Captagon Son usage est déjà répandu dans tout le Liban : c’est un État de transit clé pour que la drogue quitte la Syrie et atteigne des marchés plus lucratifs comme les États du Golfe, en particulier l’Arabie saoudite.
Depuis la crise économique du pays en 2019, plus de gens se sont tournés vers la drogue pour trouver du réconfort face à la détérioration de leurs conditions de vie et pour continuer à vivre.

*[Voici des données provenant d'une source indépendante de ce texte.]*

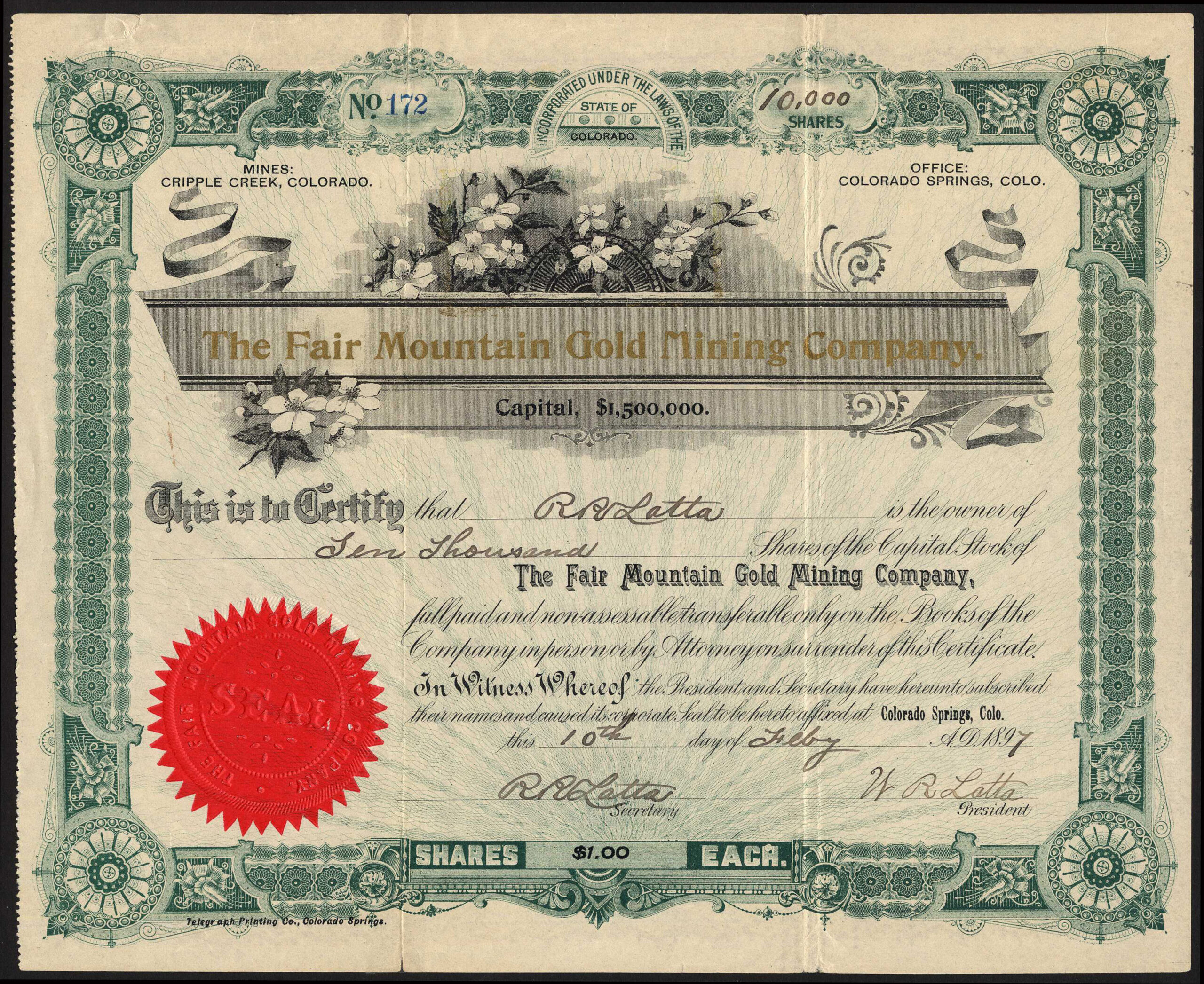 Incorporated in Colorado by 1897. Mines in Cripple Creek.

« Il existe une relation particulièrement forte entre les économies ravagées par la guerre et la consommation de stimulants qui peuvent prévenir la faim, accroître le sentiment d’invincibilité et empêcher le sommeil de nuire à la productivité », a déclaré Rose à TalkingDrugs.
Au milieu des horreurs du conflit à Gaza et au Liban – morts de civils et de combattants, destruction d’infrastructures et de sites historiques –, un groupe ne sera sans doute pas la priorité. Les consommateurs de drogues, un groupe qui persistera et grandira pendant et longtemps après les bombardements, ne bénéficient pas de l’attention et du soutien nécessaires pour améliorer leurs conditions de vie.